Irish PC market set for bumper year

Trade

1 April 2005

Booming notebook and X86 server sales and healthy desktop shipments ensured a rise in shipments of just under 17 per cent compared to the third quarter last year and follows a similar rise in the previous quarter.

Official figures for the quarter show that shipments of desktop systems rose by 8.7 per cent and X86 servers by 28.7 per cent. However, sales of notebooks have clearly boosted the overall figure – up 51 per cent.
According to Ian Gibbs, research analyst with IDC’s European Personal Computing group, the consumer market remains a key driver of growth. ‘Consumer desktop shipments have actually recovered from the negative growth of last quarter.’
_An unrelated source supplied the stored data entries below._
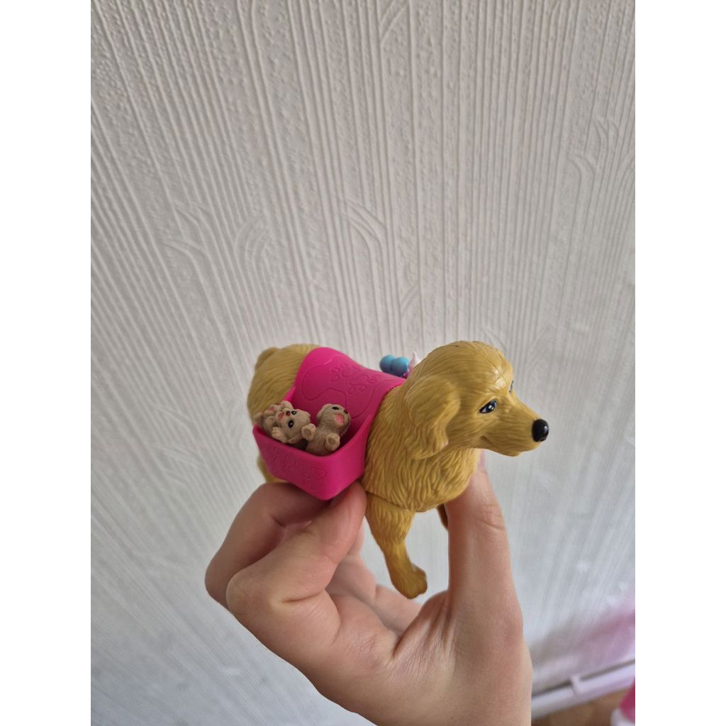 Мама собака с тремя щенками, которых она при наклоне лап рождает из живота, соска и бутылочка. Куколка в комплекте.
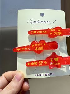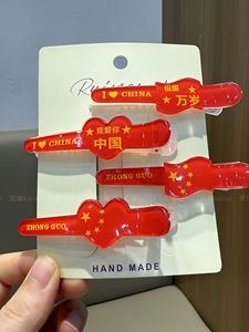 国庆五星红旗尖嘴夹女孩节日装扮侧边刘海夹爱心中国风百搭女发夹
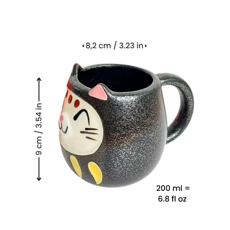 Set of Two Daruma Cat Japanese Mugs

‘Business shipments remain positive also – although it is the small and medium businesses who are driving growth here rather than the large corporates.’

Local vendors such as IQon and Computer City and the internationals such as HP and Dell are all experiencing healthy growth alike, IDC says.
Gibbs says that price declines have really driven growth across all segments this quarter in both desktops and notebooks. ‘However, on the flipside, of course, profit margins are being squeezed and vendor revenues remain fairly even year-on-year.’

In terms of PC vendor growth market share year-on-year, IBM has made by far the biggest strides with a 155 per cent growth over the third quarter in 2002. Next up is ‘new HP’ with 20 per cent, market leader Dell with 16 per cent and third placed Fujitsu Siemens with 12 per cent.